Очевидно, она записала многие из бесед с Сузо и использовала их в качестве основы для жизнеописания, без ведома своего духовного отца. Сузо же, обнаружив содеянное, сжег часть рукописи еще прежде, как Господь «повелел» ему сохранить оставшееся. Никому доподлинно не известно, сколько в этой «Жизни» было писано Штагель, а сколько — самим Сузо.
«Жизнь» — захватывающее повествование, богатое удивительными подробностями о видениях, которым сподобился Сузо: Господь показывал ему образы Небес, Ада и Чистилища; души умерших являлись к нему, чтобы поведать о своей после-жизни.
Отличная книга, и написана так волнующе! Но самое поразительное в «Жизни» Сузо (или Штагель) — описания мук, которые он себе причинял.
Будучи приверженцем убеждения, будто телесный комфорт ослабляет дух, Сузо уверял, что не входил в отапливаемый дом целых двадцать пять лет и что не пил воды, пока язык не растрескался от сухости (а потом заживал около года). Сузо ограничивал себя в пище: ел только раз в день и никогда не потреблял мяса, рыбы или яиц, а однажды испытал видение, в котором возжаждал яблока сильнее, чем божественной мудрости, и тогда, чтобы наказать себя, продержался целых два года без фруктов. (Вот интересно: неужели нельзя было просто принять мораль к сведению и продолжить есть реальные — в противоположность метафорически запретным — фрукты?)
В качестве нижнего белья Сузо носил этакие подштанники со ста пятьюдесятью медными гвоздиками, остриями к коже. Поверх надевал власяницу с железной цепью, на которой висел деревянный крест длиной с мужскую руку и вдобавок утыканный тридцатью гвоздями.
Крест был привязан у Сузо между лопаток, и при каждом движении — особенно в коленопреклонении для молитвы — гвозди впивались в плоть, а в раны он затем втирал уксус. Сузо носил этот острый крест восемь лет, пока Бог не вмешался и с помощью видения не запретил это делать.

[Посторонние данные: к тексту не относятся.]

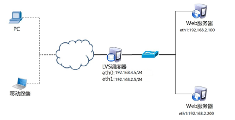 使用4台虚拟机,1台作为Director调度器、2台Real Server、1台客户端,结构如下图所示:

Сузо даже спал в своих жутких одеждах. Кроватью служила старая деревянная дверь. Укладываясь, он сковывал руки кожаными кольцами, чтобы не дать самому себе отгонять крыс, что ночами грызли его тело. Иногда во сне он разрывал эти оковы, и тогда стал надевать кожаные перчатки, также утыканные острыми медными гвоздиками, которые раздирали ему кожу словно терка для сыра. Сузо поддерживал эти привычки шестнадцать лет, пока в очередном видении Господь не повелел ему выбросить все спальные принадлежности в ближайшую речку.
Однако божественное вмешательство, запретившее Сузо терзать себя по ночам, не принесло ему облегчения — скорее напугало. Некая монахиня справилась о его здоровье, и Сузо ответил, что все очень плохо: ведь он уже месяц не чувствовал боли — а вдруг Господь его совсем забыл?
Сузо понял, что физические муки — лишь начало, ибо они не давали осязаемых доказательств его великой любви к Богу. Он решил исправить дело и однажды вечером распахнул на себе одеяния и заостренным пером вырезал в плоти прямо над сердцем, буквы HIS. (Если для вас это словно греческая грамота, не волнуйтесь: HIS по-гречески аббревиатура имени Христа.) Кровь сочилась из надрезов, однако Сузо уверял, что от радостного экстаза не чувствует боли. Священные буквы остались навсегда, и до конца жизни он тайно носил на груди эту рану; утверждал, что в трудные времена спокойнее, когда знаешь, что само имя Христа движется в такт биению сердца.